Premium Mill-Pond is located in the communities of New Rochelle and Mamaroneck in Westchester County, New York. The mill-pond is situated northeast of Echo Bay, between the Premium Point peninsula and the mainland. It is fed by the Premium River and is separated from Echo Bay by a dam that creates a waterfall into the harbor.

==Premium Mill==
This mill was located on the border of New Rochelle and the Town of Mamaroneck on the Premium Point peninsula. It was the successor of a much older mill that had been located farther up the creek in the Town of Mamaroneck at Pryer's Bridge. The old mill on this creek originated, it would seem, with the Palmer family, probably Sylvanus Palmer, who died in 1742. His son, John Palmer, was the next owner, and he was followed by Gilbert Willett and then by Samuel Underhill. The latter sold it in 1776 to his brother-in-law, James Mott. The Palmers, Underhills, and Motts were Quakers.

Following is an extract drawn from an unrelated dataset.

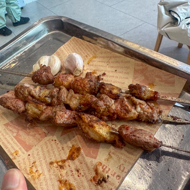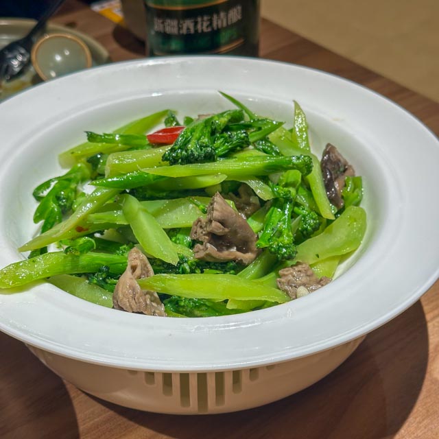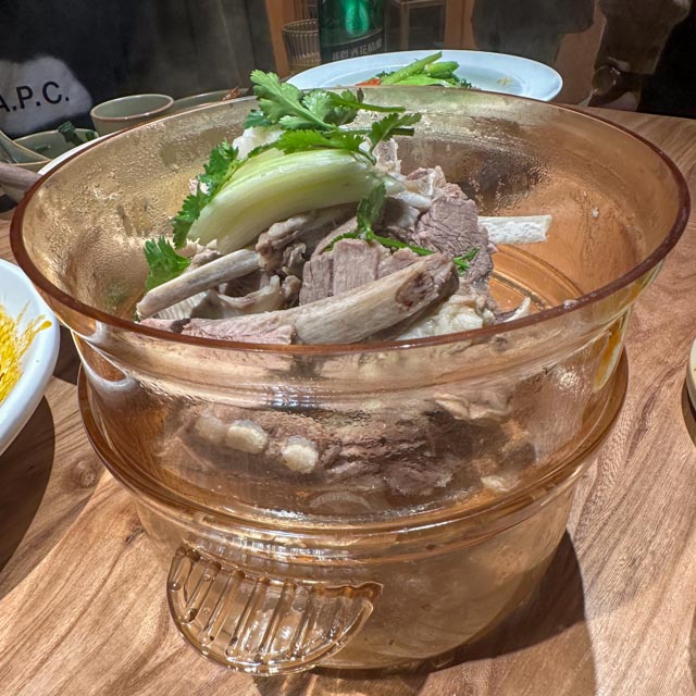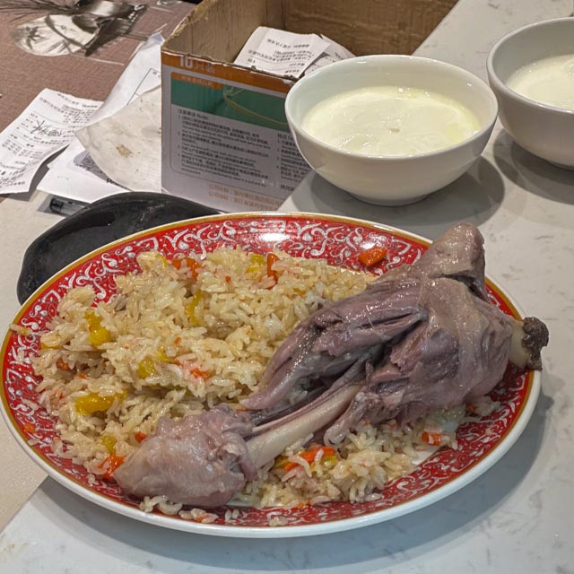 当晚入住全季,外加第二天早饭,印象颇佳。临时发现没有带上隐形眼镜,直接网上下单,一小时后送达,这样的体验也是刷新国际友人认知。虽然没有时区调整,但是时差是感受得真切。对于我们已是饭点的傍晚时分,天仍大亮,饭店空荡。我们可管不了这么多,旅店附近多的是各色美食。没多久便吃上了心心念念的正宗大盘鸡和清炖羊肉,喝上了大乌苏,棒!大盘鸡里的皮牙子和那些up主视频里的一模一样,只香不辣。饭店似乎面向游客为主,到了七八点以后,大堂还有专门的表演,不过本地人似乎也不少,口味还是有保证。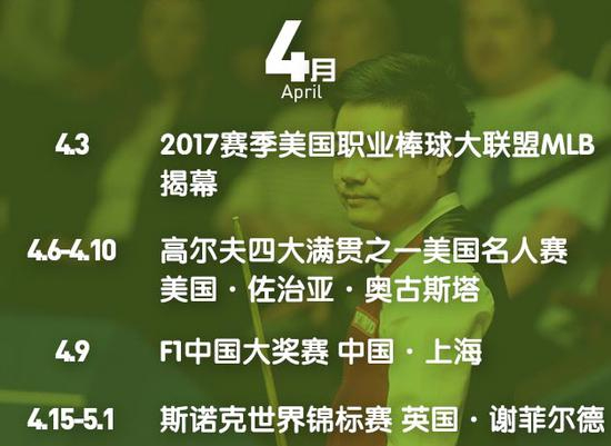 4月F1又一次来到中国,乒乓球亚锦赛也将在中国举办,迷弟迷妹们准备好了吗?跑步爱好者也不要错过了波士顿和伦敦两场重量级的马拉松赛事。中国香港在本月将举办场地自行车世锦赛,李慧诗能在主场加冕吗?宫金杰和钟天使两位奥运冠军又将有怎样的表现呢?

James Mott continued to reside at and operate the old mill for over forty years, his home being the Pryer house, which he built, an older house having been burned. The Premium Mill was erected in 1801 by James Mott and his sons, who managed the mill business, and it was brought about by the need of greater facilities for handling the increasing business due to large exportation of flour to Europe following the French Revolution. The new mill was placed half a mile lower down near the mouth of the bay, whose tide provided the water power and gave much larger storage of water than the dam above at the old mill. The Premium Mill was very large with ten run of stones which was later increased to twelve and every known improvement was introduced. It was said to have been the largest flour-mill in the country at that period.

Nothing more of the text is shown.